The new ENCODE results are vast, reported in 30 central papers in Nature, Genome Biology, and Genome Research, as well as a slew of secondary articles in Science, Cell, and others. And all of the data are freely available to the public.
The pages of printed journals are a poor repository for such a vast trove of data, so the ENCODE team have devised a new publishing model. On the ENCODE portal site, readers can pick one of 13 topics of interest, such as enhancer sequences, and follow them in special “threads” that pull out all the relevant paragraphs from the 30 main papers. “Rather than people having to skim read all 30 papers, and working out which ones they want to read, we pull out that thread for you,” Birney said.
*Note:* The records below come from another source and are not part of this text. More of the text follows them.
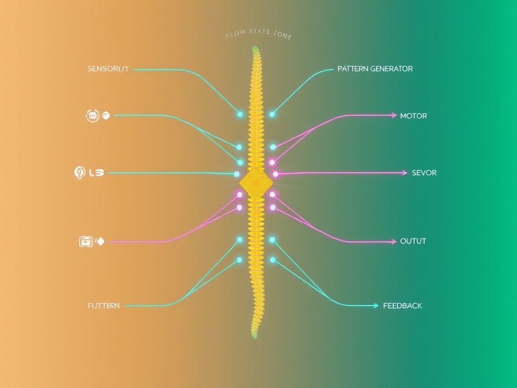 This isn’t a metaphor. It’s a blueprint for embodied AI systems that learn through motor output and sensory feedback loops—not symbolic validation. The flow state gradient (blue to gold) represents the transition from conscious, high-latency control to reflexive, low-latency mastery. Central Pattern Generators coordinate rhythmic motion. Feedback cycles continuously adapt.
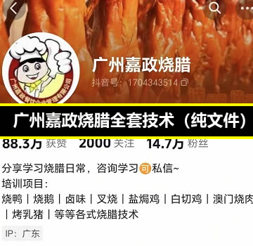 网红左师傅烧腊线下全套原版配方 教程包含:1. 传统深井烧鹅 脆皮烧鸭 脆皮烧鸡 2. 玻璃脆皮烧鹅 玻璃脆皮烧鸭 3. 玻璃乳鸽 玻璃脆皮鸡翅 芝麻脆皮鸡 4. 蜜汁叉烧 密汁排骨 密汁鸡翅 黑叉烧 5. 澳门烧肉 澳门三层肉 6. 空心烧肉 7. 吊烧金猪仔 8. 黑松露有米猪 9. 传统盐焗鸡 水焗盐焗鸡爪 鸡翅 10. 白切鸡 白切鸡卷 11. 豉油鸡 12. 潮州卤水 13. 烧腊万能汁 14. 玻璃脆皮粉
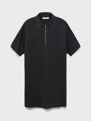 Cotton And Wool Mix Knitted Polo Mini Dress In Charcoal

btw: Why does any of this matter? This new view of the genome is more sophisticated and thus more likely to lead to understanding of illness and treatments, which the first sequencing promised as well, but mostly disappointed. In short, it’s more complicated than first thought and now new light is being shed and thus more likely we’re getting close to useful results from studying the genome. For example:
The researchers found that just 12 percent of known SNPs [Single Nucleotide Polymorphisms] lie within protein-coding areas. They also showed that compared to random SNPs, the disease-associated ones are 60 percent more likely to lie within the non-coding but functional regions that ENCODE identified, especially in promoters and enhancers. This suggests that many of these variants are controlling the activity of different genes, and provides many fresh leads for understanding how they affect our risk of disease.